Disclosure of Invention

In order to solve the problems in the prior art, the invention provides a method and a system for multi-view three-dimensional reconstruction of a feature pyramid.

In order to achieve the purpose, the invention provides the following scheme:

a characteristic pyramid multi-view three-dimensional reconstruction method comprises the following steps:

acquiring image data; the image data includes: a reference image and a plurality of source images;

acquiring a multi-view three-dimensional reconstruction network model; the multi-view three-dimensional reconstruction network model is a depth neural network model fused with camera parameters; the deep neural network model comprises a feature pyramid network based on a self-attention mechanism;

obtaining a prediction depth map by using the multi-view three-dimensional reconstruction network model and taking the image data as input;

generating 3D point cloud data according to the predicted depth map;

and carrying out visualization processing on the 3D point cloud data to obtain a reconstructed three-dimensional view.

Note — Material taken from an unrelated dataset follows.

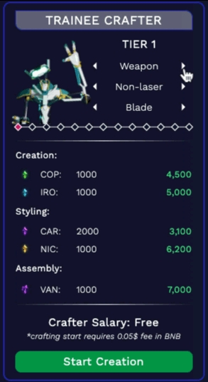 Choose your crafter, one for each tier
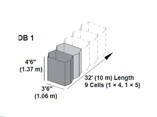 The MIL defensive barrier is made of a collapsible wire mesh container and heavy duty fabric liner, and used as a temporary to semi-permanent levee or blast wall against explosions or small-arms. It has seen considerable use in Iraq and Afghanistan.

Preferably, the obtaining a predicted depth map by using the multi-view three-dimensional reconstruction network model and using the image data as input specifically includes:

performing feature extraction on the image data by adopting the feature pyramid network based on the self-attention mechanism to obtain feature maps with different resolutions; the feature map comprises a reference image feature map and a source image feature map;

constructing a cost body according to the extracted features by adopting a grouping correlation method;

generating a probability body by using the cost body and softmax regression;

predicting according to the probability body to obtain an initial depth map;

and upsampling the initial depth map to obtain the predicted depth map.

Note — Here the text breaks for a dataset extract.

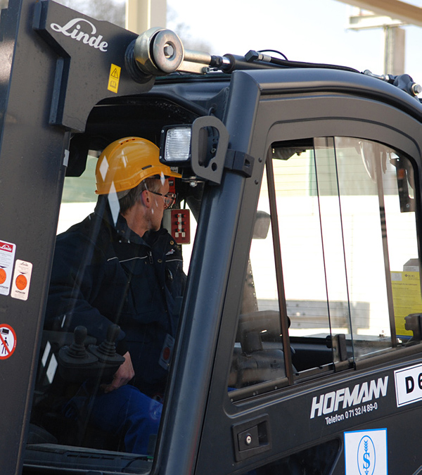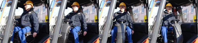 In Zusammenarbeit mit dem Hersteller der Stapler wurde eine neue Konstruktion entwickelt. Der Fahrer kann Sitz und Bedieneinheit mit einer Fußbewegung mechanisch um 90 Grad drehen. Während der Fahrt sitzt er somit quer zur Fahrbahn und hat die Fahrstrecke wie auch das Ladegut durch einfache Kopfbewegungen im Blick.
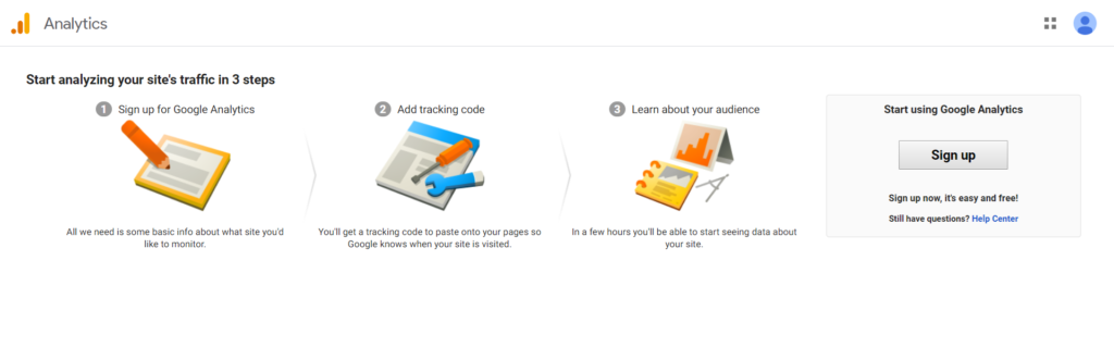 Access the website URL : https://analytics.google.com and then click on Sign Up.

Preferably, the constructing the cost body according to the extracted features by using a group correlation method specifically includes:

uniformly dividing the characteristic channels in the reference image characteristic diagram and the characteristic channels in the source image characteristic diagram into a plurality of characteristic groups according to channel dimensions;

determining the similarity between the features of the reference image and the features of the source images in each feature group, and compressing the similarity between the reference image and each source image into an initial cost body;

constructing the cost body according to the initial cost body; the cost body is the average value of all the initial cost bodies.

Preferably, the generating 3D point cloud data according to the predicted depth map specifically includes:

and fusing the prediction depth map by adopting a processing method of photometric filtering, geometric consistency filtering and depth fusion to generate 3D point cloud data.

Preferably, the acquiring image data further comprises:

acquiring an image dataset; the image dataset comprises a DTU reference dataset and a Tanks and Temples reference dataset.

According to the specific embodiment provided by the invention, the invention discloses the following technical effects:

the method for reconstructing the multi-view three-dimensional of the characteristic pyramid provided by the invention realizes the multi-view three-dimensional reconstruction based on the acquired image data by adopting the multi-view three-dimensional reconstruction network model comprising the characteristic pyramid network based on the self-attention mechanism, solves the problems that a computing cost body occupies too large video memory space, a high-resolution depth map is difficult to estimate, reconstruction point clouds are incomplete and the like in the conventional image three-dimensional reconstruction process, and realizes more complete multi-view three-dimensional reconstruction by relatively lower video memory and more accurate and precise depth prediction. The method can be applied to three-dimensional modeling in the fields of cultural relic protection, automatic driving, industrial parts, virtual reality, buildings, medical images and the like, and brings important application value and practical significance to scientific research and development in the fields.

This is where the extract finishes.